Ein plötzliches Klopfen an der Tür unterbrach sie und sie sahen sich sofort an.
"Kontrolliert die Ausgangssperre!" rief der Professor von jenseits der Schwelle und versetzte ihnen einen Ruck, der sie scharf umdrehen ließ.
"Scheisse!" sagten sie unisono.
Melody Mela bedeckte sofort ihren Mund, um diesen Fluch auszusprechen, während Ren sie ansah und amüsiert lachte, ein süßes, aufrichtiges und umwerfendes Lächeln.
„Geh ins Badezimmer“, flüsterte der Junge und stand auf, nachdem er sie auf die Stirn geküsst hatte, und sie, das Hemd vom Boden aufhebend, folgte seinem Rat.
Einen Moment später öffnete Ren die Tür.
"Warum hast du so lange gebraucht?" fragte der Professor und versuchte, in den Raum zu schauen.
„Ich habe mich umgezogen“, antwortete der Junge sichtlich aufgebracht.
"Wo ist dein Partner?" drückte der Mann misstrauisch.
„Er ist gerade ins Badezimmer gegangen“, stellte sie fest und wandte sich dann der anderen Tür zu. „Bruno! Wenn du fertig bist, lass dich von der Lehrerin sehen." Einen Moment später lief das Wasser aus der Dusche. „Er ist noch nicht fertig", schloss sie und blickte zurück zur Lehrerin.
Der Mann nickte wenig überzeugend, aber da er noch andere Räume zu überprüfen hatte, ging er sofort. Kurz darauf schlüpfte Melody Mela aus dem Badezimmer und machte ein paar Schritte auf Ren zu, schrecklich verlegen über das, was sie tun würden, aber noch mehr, weil sie fast entdeckt worden wäre.

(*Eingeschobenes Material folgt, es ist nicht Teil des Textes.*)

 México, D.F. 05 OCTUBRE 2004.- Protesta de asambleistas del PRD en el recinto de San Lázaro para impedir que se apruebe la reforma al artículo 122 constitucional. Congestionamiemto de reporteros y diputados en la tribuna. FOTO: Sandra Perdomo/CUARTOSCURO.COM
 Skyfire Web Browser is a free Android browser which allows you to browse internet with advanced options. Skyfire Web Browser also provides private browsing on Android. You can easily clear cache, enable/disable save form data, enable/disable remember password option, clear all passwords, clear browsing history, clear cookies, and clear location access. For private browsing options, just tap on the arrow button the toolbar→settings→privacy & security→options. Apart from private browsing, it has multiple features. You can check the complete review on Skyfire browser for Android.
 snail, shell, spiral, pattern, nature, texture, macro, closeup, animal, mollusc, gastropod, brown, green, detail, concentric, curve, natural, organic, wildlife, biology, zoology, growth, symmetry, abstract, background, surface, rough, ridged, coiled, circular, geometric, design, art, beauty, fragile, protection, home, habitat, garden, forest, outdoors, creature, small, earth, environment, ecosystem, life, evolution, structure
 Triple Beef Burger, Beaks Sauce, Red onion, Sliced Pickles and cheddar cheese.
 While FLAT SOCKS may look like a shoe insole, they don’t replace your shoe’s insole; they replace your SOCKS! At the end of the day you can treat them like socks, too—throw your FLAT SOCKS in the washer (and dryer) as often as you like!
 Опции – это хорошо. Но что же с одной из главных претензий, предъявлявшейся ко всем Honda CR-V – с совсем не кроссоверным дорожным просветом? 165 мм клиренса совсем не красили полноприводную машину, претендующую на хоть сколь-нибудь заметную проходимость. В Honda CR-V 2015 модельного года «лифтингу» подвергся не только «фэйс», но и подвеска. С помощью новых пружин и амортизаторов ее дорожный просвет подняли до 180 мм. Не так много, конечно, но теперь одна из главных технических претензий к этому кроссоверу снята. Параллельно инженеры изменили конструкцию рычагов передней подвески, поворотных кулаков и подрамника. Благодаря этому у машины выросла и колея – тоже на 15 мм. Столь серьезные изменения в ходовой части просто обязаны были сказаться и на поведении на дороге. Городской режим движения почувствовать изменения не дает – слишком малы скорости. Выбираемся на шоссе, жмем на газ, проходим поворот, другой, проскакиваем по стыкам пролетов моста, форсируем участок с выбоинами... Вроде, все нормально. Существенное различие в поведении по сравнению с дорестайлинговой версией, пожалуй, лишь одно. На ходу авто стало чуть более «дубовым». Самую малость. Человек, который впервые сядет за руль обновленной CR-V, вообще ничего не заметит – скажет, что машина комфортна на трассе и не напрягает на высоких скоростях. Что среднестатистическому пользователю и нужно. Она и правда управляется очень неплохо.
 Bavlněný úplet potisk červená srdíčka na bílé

„Ich glaube, ich sollte jetzt gehen“, murmelte sie, als sie zur Tür ging, unfähig, ihn anzusehen, aber er hielt sie auf, indem er sie mit dem Rücken gegen die Wand drückte.
„Du gehst nirgendwo hin, bis du mir versprichst, dass du mich nie wieder verlässt“, flüsterte er mit einem ernsten Blick Zentimeter von ihr entfernt, während er ihre Lippen mit seinen Fingern streichelte.

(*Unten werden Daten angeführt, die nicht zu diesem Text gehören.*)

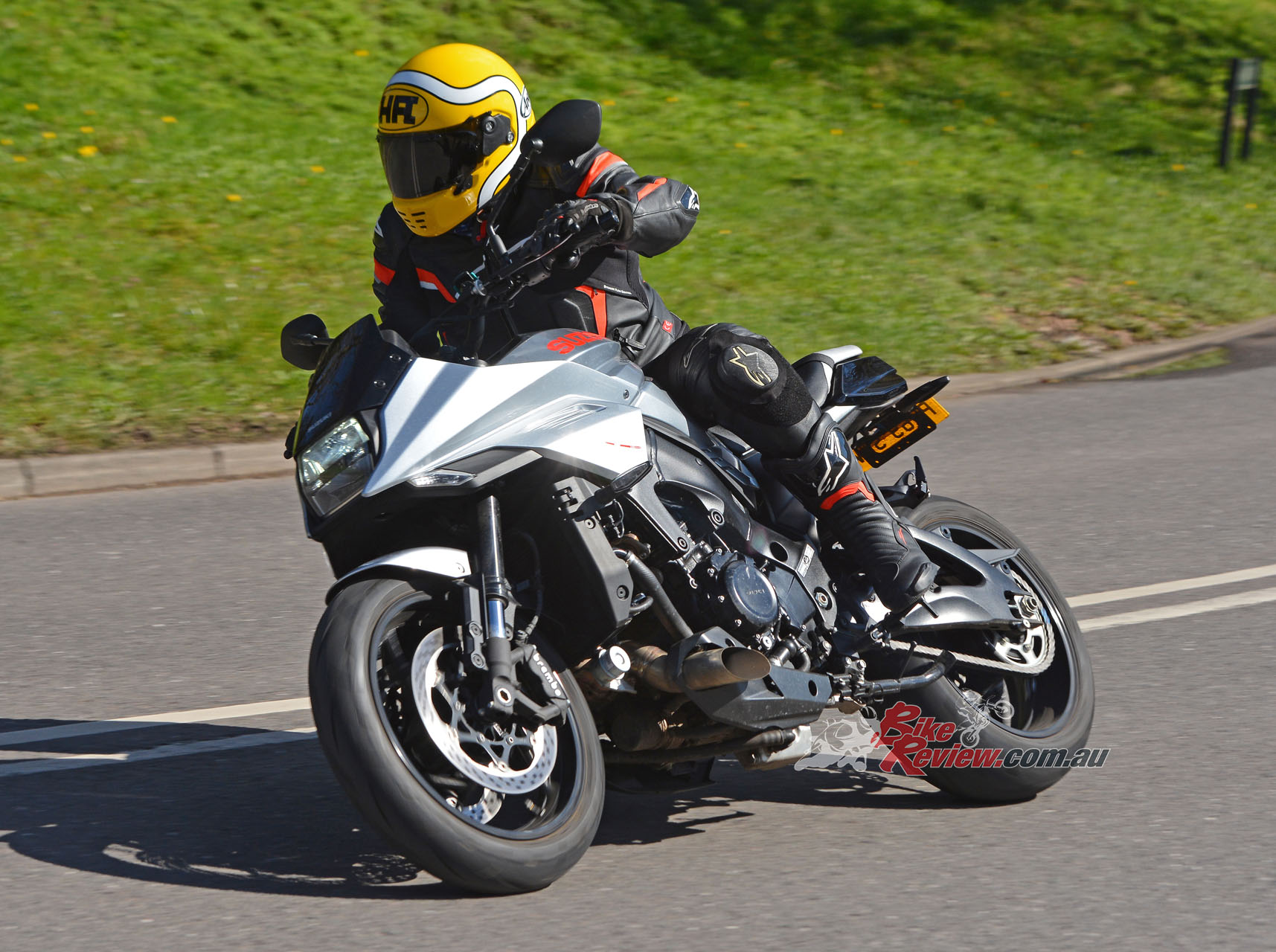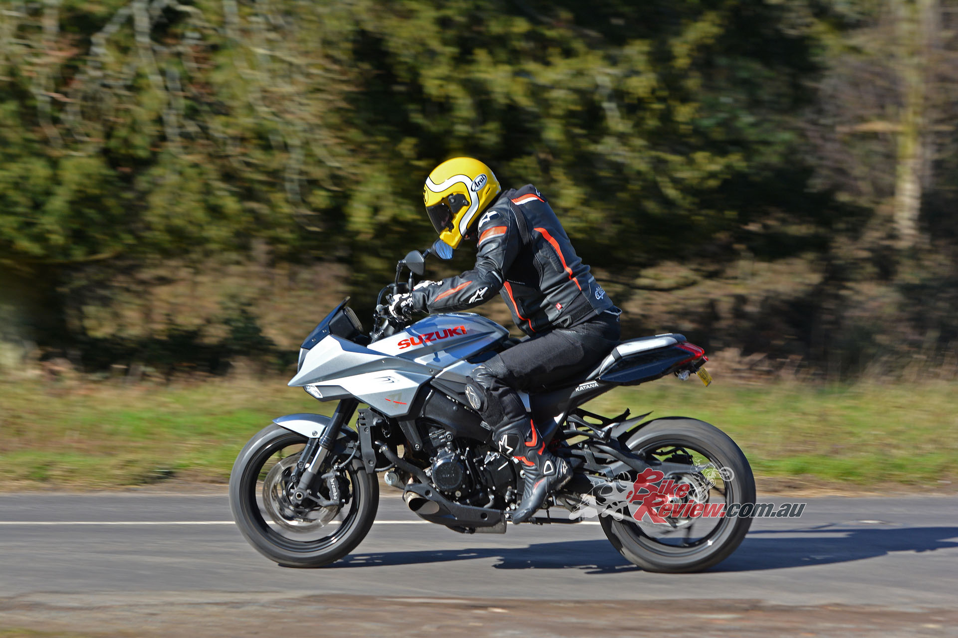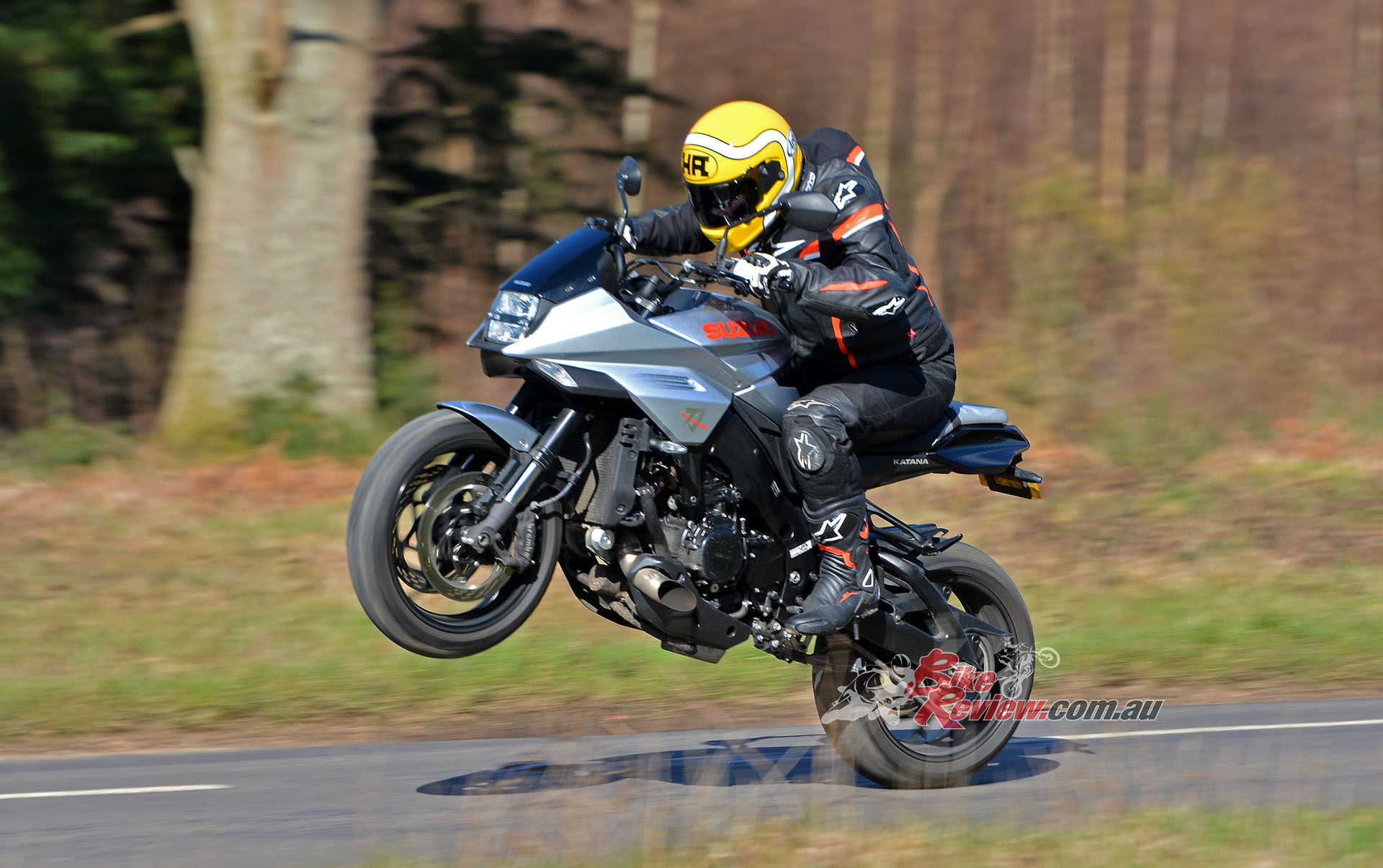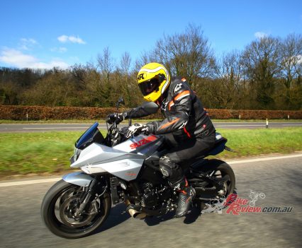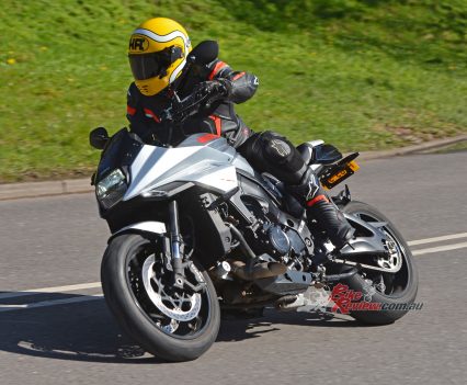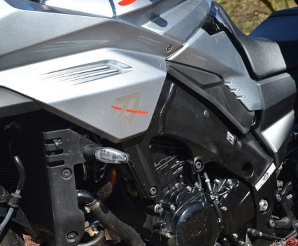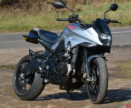 But modulating the gas when the front end starts to come up is difficult – as you roll off, the power cuts sharply. Those minor gripes aside though, this genuine 250bhp+ powerplant definitely gives the KATANA something to shout about in terms of performance, besting even the wild Ducati Streetfighter V4 and Aprilia Tuono 1100 when it comes to ballistic levels of power.

Er würde ihn nie wieder entkommen lassen, und er hatte das Bedürfnis, sie sagen zu hören, dass sie ihn nie verlassen würde. Denn so hatte er sich die ganze Zeit gefühlt: allein und vergessen.
Melody Mela schloss ihre Augen, um seine Liebkosungen auszukosten, dann öffnete sie sie wieder, lächelte und drückte ihm einen sanften Kuss auf die Lippen.
„Ich verspreche es“, antwortete er süß.